The reduction to 25% is an improvement. But not a huge one. The clue to how modest these welcome measures are is in the budget numbers. The cost of working-age benefits is currently a bit under £65bn a year. The cost of these changes is zero in the current year and £15m next year. The cost peaks at £165m in 2022/23, before declining quite rapidly.

As last week’s publication from the Institute for Government, Universal Credit: Getting it to work better, argued, something much more radical needs to be done to tackle the inherited debt in the social security system. For example, and ideally, writing off or ignoring large parts of it, given that much of this debt has been sitting on the government’s books for years. Or by reducing, by a much larger margin, the maximum deduction made in order to repay it. Down perhaps to 10%, not the planned 25%.

Coronavirus changes the context

The budget announcements are welcome tweaks – but they remain tweaks, and do not extend the steps the government has already taken to reduce the impact of the five-week wait for entirely new claimants of Universal Credit.

Last week’s report argued that new claimants should be given a non-repayable two-week “welcome grant” to UC – a move that would merely match the measures that the government has already announced for other claimants already in the benefit system. That “welcome grant” needs to be done on a permanent basis.
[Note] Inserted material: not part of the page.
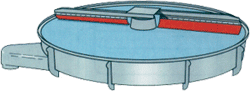 轉刷清網系統依靠布置在篩網下的毛刷旋轉清網,適用于球形、結晶體以及脆性物料,此機構轉刷的支持臂由安裝在底盤上的減速器驅動。
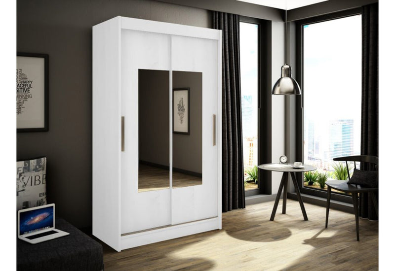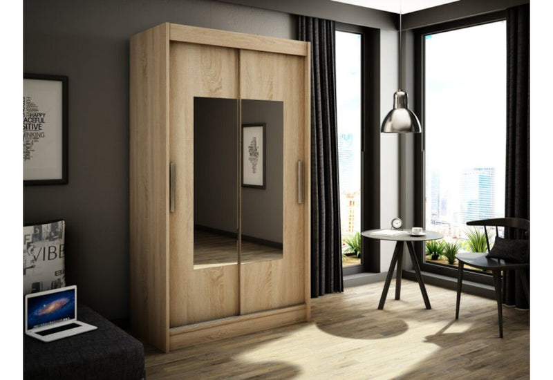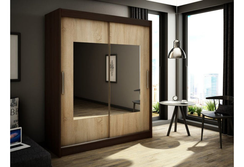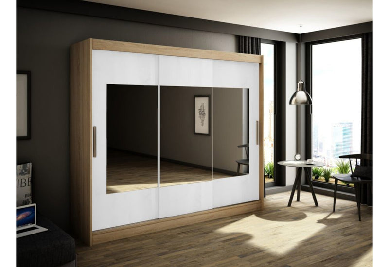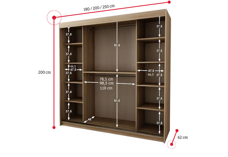 Posuvná skriňa TURINO. Poskytne dostatok úložného priestoru v podobe šatníkových tyčí a niekoľkých políc. Skriňa je vyrobená z kvalitného materiálu 1,6 cm. Pojazdy zaisťujú presný a hladký chod dvierok. Možnosť výberu rôznych veľkostí a niekoľkých farieb.

If coronavirus leads to a significant downturn and job losses, this will need to be done quickly as an emergency measure.

Under the old system, the newly unemployed faced a two-week wait for Jobseeker’s Allowance, the unemployment benefit. Under UC they will face a five-week wait at best (with the offer of an advance/loan). Fortunately, every budget has a contingency fund. If Covid-19 does start to produce significant job losses, getting money to the newly unemployed fast will be one of the things it should be spent on.

The government’s new timeframe for Universal Credit has been questioned

Finally, as a footnote, the budget confirmed that the expected end date for the full roll-out of Universal Credit has slipped again to September 2024. But the Office for Budget Responsibility (OBR), which has always taken a sceptical view of the government’s repeatedly revised timetable for the completion of the transfer to UC, has become yet more sceptical.

It used to add six months to the government’s projection of when the roll-out would be completed. In the light of experience, it announced yesterday that it is now adding 18 months to that. This means the OBR is now assuming the process will not be complete until September 2026. That will be two years later than the current timetable, nine years later than the coalition’s original plan – and almost 16 years on from the moment when Universal Credit was first announced.

Did anyone ever say that reforming social security is easy?